No satisfechos estos falsos convertidos de moros con las joyas, dineros, ropas y otras cosas ajenas a sus haciendas, antes de marcharse les hicieron untar tocino (quizás recordando algunos de ellos que un cristiano viejo untó con tal alimento prohibido una fuente para que sedientos no bebieran de su agua) en una moneda sobre el nombre de nuestro rey, sobre PHILIPPUS II, al que llamaron en lengua castellana puerco asqueroso, para después irreverenciar a una cruz en el cruce de caminos, a la cual escupieron al paso y al trote, el vino que quitaron a mi cuñado, y que vertieron al galope pronunciando en lengua arábiga, mofas salidas de sus corazones. El odio, como siempre me has dicho, se extiende con el tiempo y en las generaciones como esas enfermedades tremendamente destructoras que los médicos por más que lo intentan no pueden atajar. Al que fue mi esposo le enterramos esta mañana; olía de forma tan nauseabunda, que pienso que mi nariz jamás dejará de recordarme su pestilente olor.

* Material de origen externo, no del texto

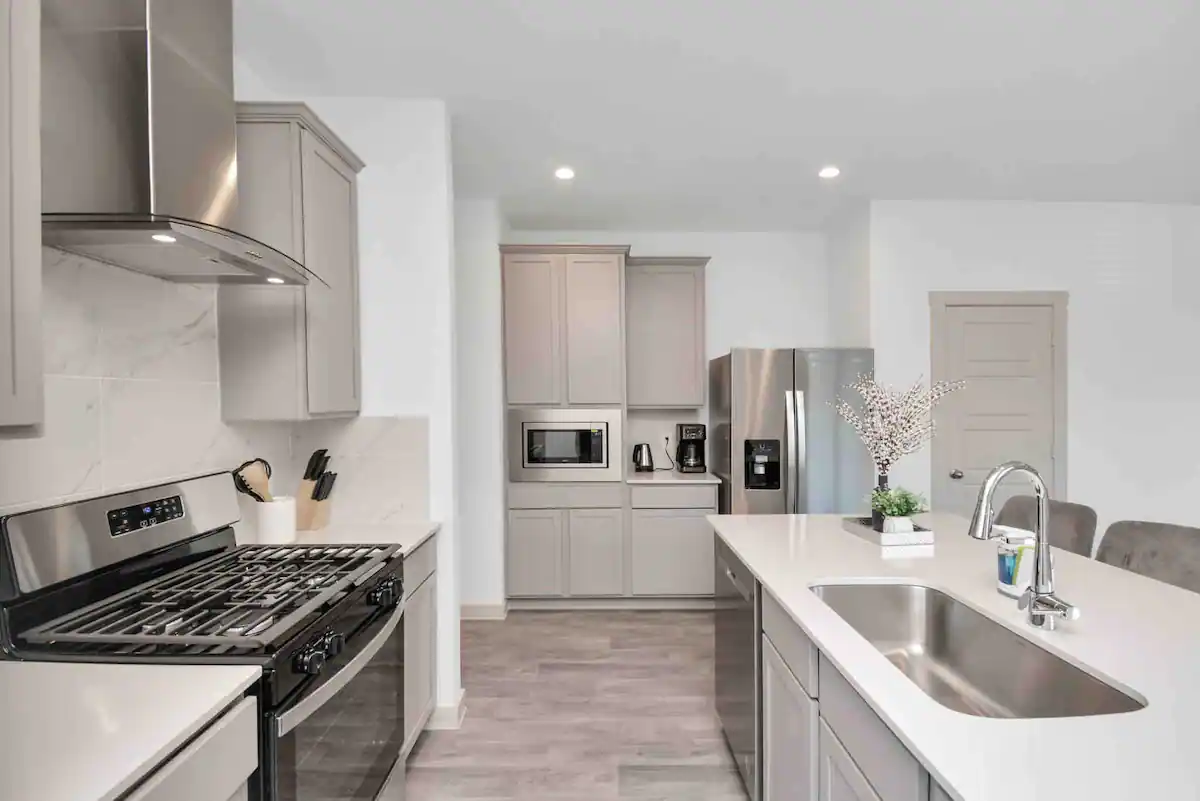 The fully equipped kitchen is a chef's delight, featuring modern appliances, sleek countertops, and all the necessary utensils and cookware to prepare delicious meals during your stay. Whether you're whipping up a quick breakfast or hosting a family dinner, this kitchen has everything you need.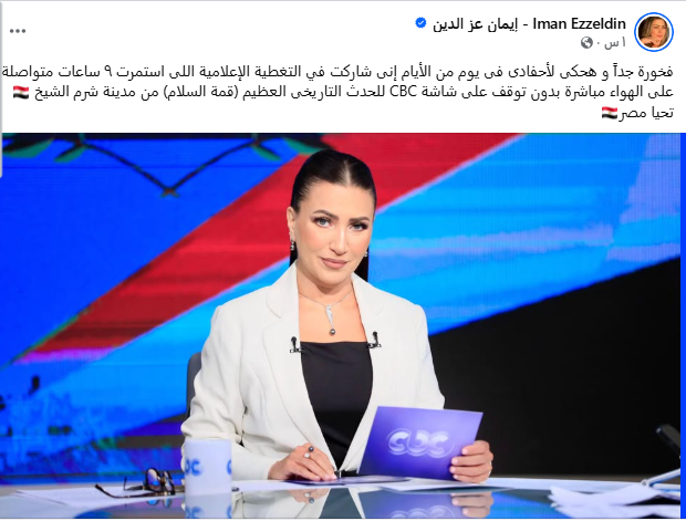 ونشرت إيمان عبر صفحتها الرسمية على موقع "فيسبوك" قائلة: "فخورة جدًا وهحكي لأحفادي في يوم من الأيام إني شاركت في التغطية الإعلامية اللي استمرت 9 ساعات متواصلة على الهواء مباشرة بدون توقف على شاشة CBC للحدث التاريخي العظيم (قمة السلام) من مدينة شرم الشيخ.. تحيا مصر."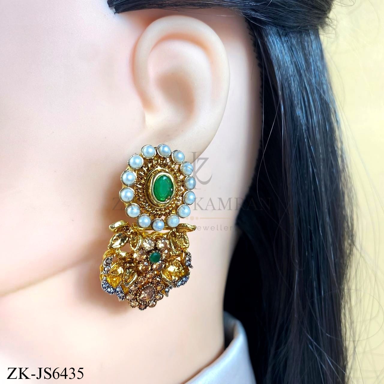 Handcrafted 22k gold plated mala alongside earrings studded with emerald, pearls, smoky and coffee stones.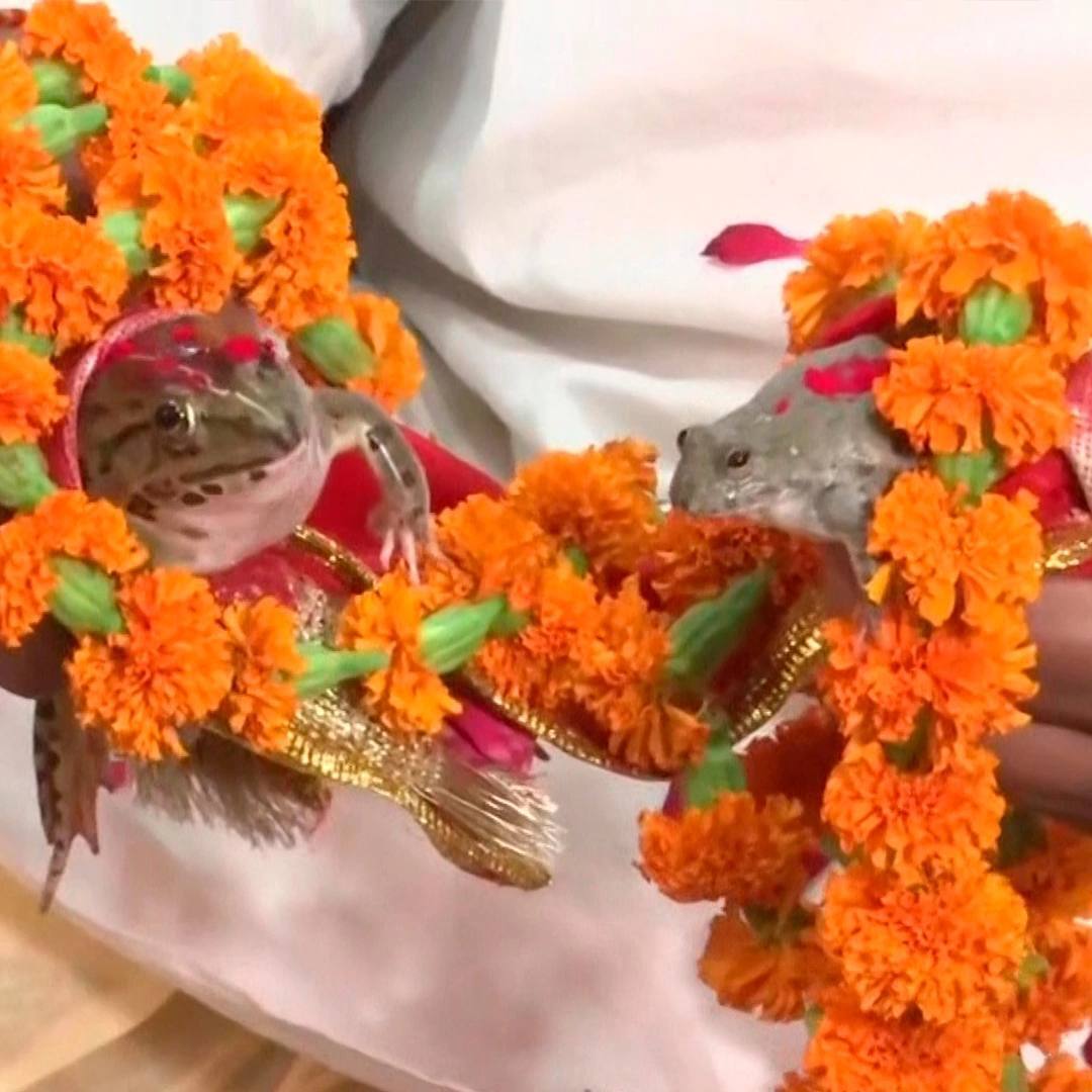 В Индии страдающие от жары и засухи жители устроили свадьбу двух лягушек, чтобы вызвать дождь.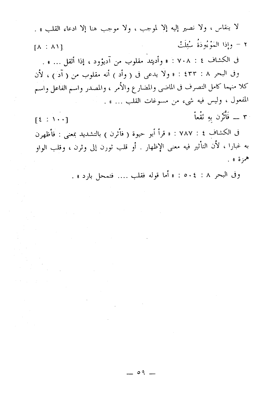 في الكشاف 4: 787: «قرأ أبو حيوة (فأثرن) بالتشديد بمعنى: فأظهرن به غبارا، لأن التأثير فيه معنى الإظهار. أو قلب ثورن إلى وثرن، وقلب الواو همزة».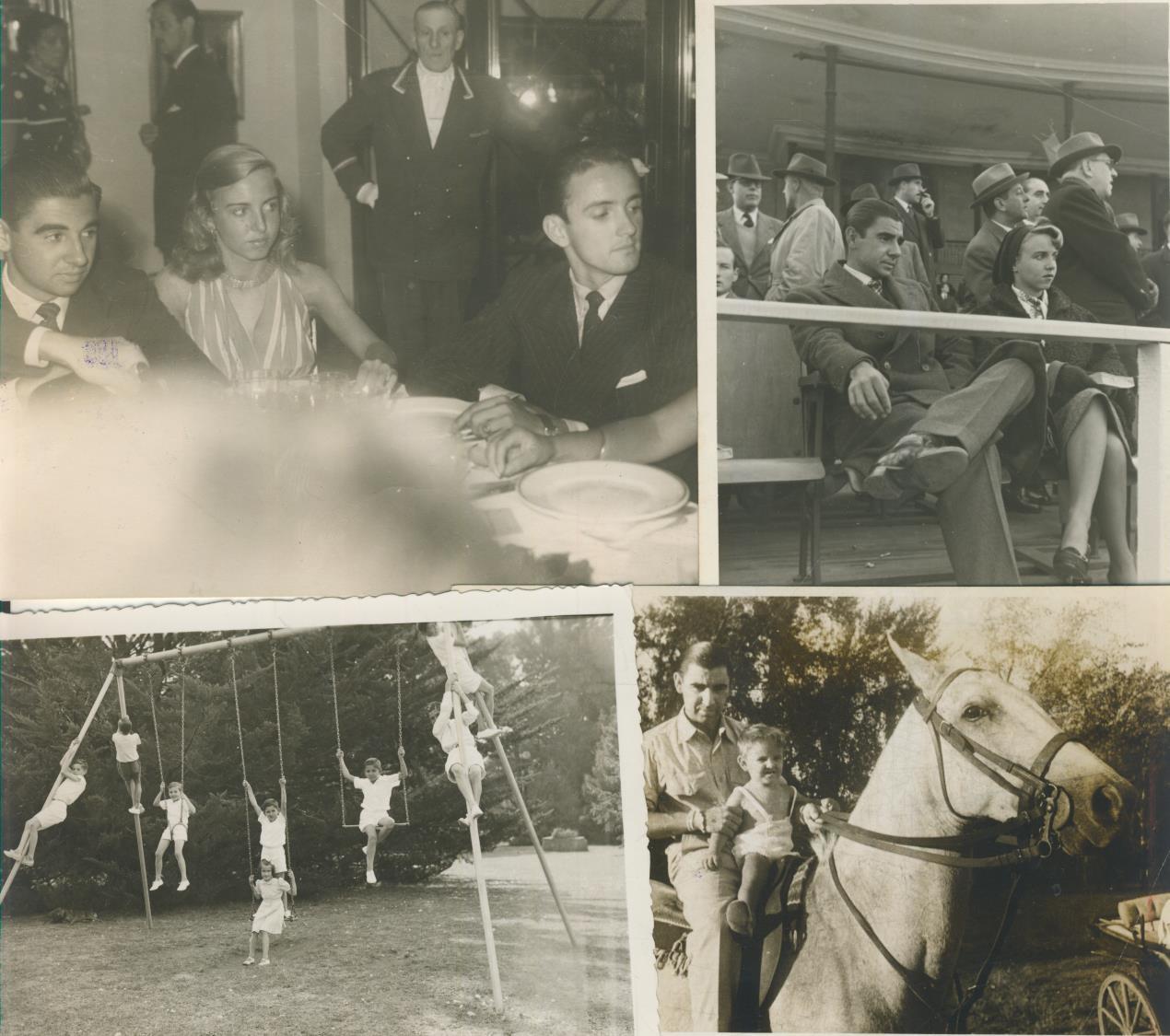 Four original Press photographs of the Argentinian fencer who competed in the 1924 Olympics. They include an informal photo at a party, on horseback with a child and a group of his 8 children on swings.

En su entierro estuvo el cura amigo tuyo. La gente decía que volverías; creen que al regresar de confesar a aquel moribundo, tuviste algún percance, y que pronto contarán con tu buen ánimo para ayudarles en sus vidas, generalmente tristes; mejor que crean eso. Yo les dije a todos mis familiares y a la misma justicia humana, que un mendigo con cara de endemoniado le clavó un puñal cuando le forzó para quitarle su bolsa, con cuyo contenido pretendía hacer una donación harto generosa a la Iglesia; lo cual no deja de ser satírico, porque el que en el pasado fue mi marido, jamás dio un maravedí a cambio de nada a nadie; era un avaro por - 16 -

naturaleza. Su avidez por tener riquezas la heredó de sus padres, unos seres que hicieron fortuna en la labranza y en la explotación de otros labradores, a los que las deudas contraídas con ellos les llevaba irremediablemente a entregarles sus tierras, y a convertirse en sus trabajadores de sol a sol, por un jornal mísero. El día se me acaba como la tinta que traza palabras con la péndola que me regalaste.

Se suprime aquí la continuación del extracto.